Technical information
- Class: A
- ERP: 750 watts
- HAAT: 197.2 m
- Transmitter coordinates: 19°04′27.71″N 98°20′49.48″W﻿ / ﻿19.0743639°N 98.3470778°W

Links
- Website: www.fmcholollan.org.mx

= XHSBE-FM =

Radio station in San Andrés Cholula, Puebla

XHSBE-FM is a community radio station on 107.1 FM owned by and serving the indigenous communities of San Bernardino Tlaxcalancingo and Santa María Zacatepec from studios in San Andrés Cholula, Puebla, Mexico. It is known as FM Cholollan.

==History==
XHSBE traces its origins to separate pirate radio stations in Tlaxcalancingo, located in the municipality of San Andrés Cholula, and Santa María Zacatepec, in Juan C. Bonilla Municipality. Pirate radio stations, however, are subject to seizure and forced closure. Axocotzin Radio, which had operated in Tlaxcalancingo since 2009 as an Internet radio station and on FM since 2011, was closed by representatives of the Federal Telecommunications Institute (IFT) on August 4, 2014. That same day, Radio Zacatepec in Santa María Zacatepec was shuttered. On May 30, 2015, Radio Zacatepec was forcibly closed for the second time in less than a year, having operated for just under two years.

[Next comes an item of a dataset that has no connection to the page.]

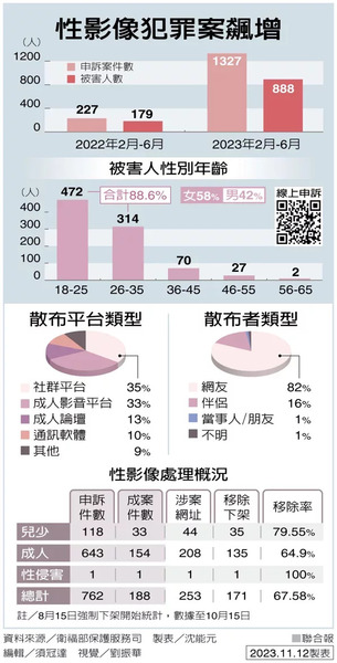 隨著手機、網路普及,性影像拍攝及散布方便,也使犯罪案件增加。衛福部保護司統計,二○二一年,兒少性剝削通報被害人共計一八四八人,二○二二年上升至二二七一人。案件類型以拍攝、製造、散布、播送、交付、公然陳列或販賣兒童或少年性影像等增加最多,女性受害者人數更多於男性。

Recognizing the need to obtain a broadcast concession to make the station legal but also the limited availability of frequencies, the two former stations combined in order to pursue the goal of receiving full approval to serve the municipalities in the shadow of Popocatépetl. Local residents demanded a new indigenous radio station be set up in the area, noting that stations from the Puebla metropolitan area did not pay attention to indigenous culture and issues.

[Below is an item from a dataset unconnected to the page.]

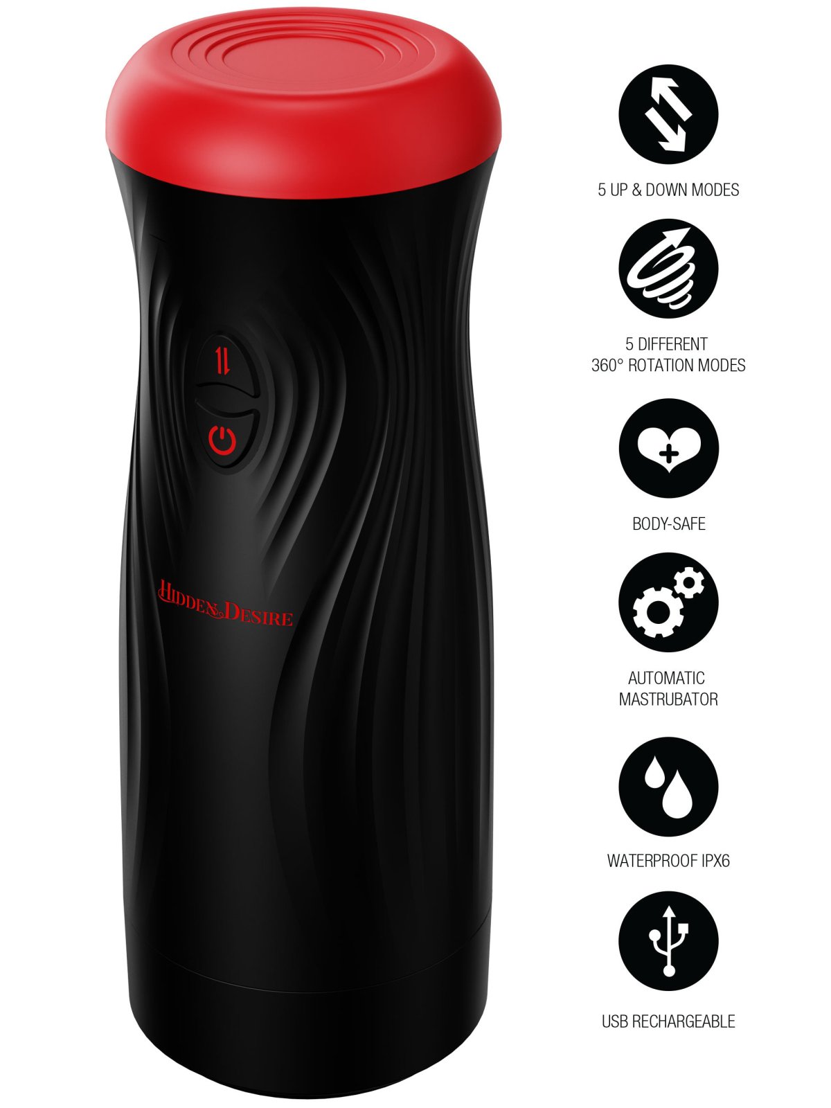 Masturbátor má rotační motor, který kombinuje přírazy a 360° rotace – díky tomu poskytne stimulaci penisu po celé jeho délce.

After initially being denied due to an alleged lack of spectrum, in July 2016, the IFT made history by awarding two social indigenous concessions, the first for broadcast use: one to the indigenous communities of San Bernardino Tlaxcalancingo and Santa María Zacatepec, and the other for XHJP-FM, a pre-existing station in Oaxaca. The new XHSBE-FM would broadcast on 107.1 MHz, being among the first stations designated in the new reserved band for social community and indigenous stations.

XHSBE was initially approved to broadcast from a tower located on Cerro Tlacuaquilo in the community of San Francisco Coapa, located in San Andrés Cholula. In 2019, it relocated to Cerro Zapotecas.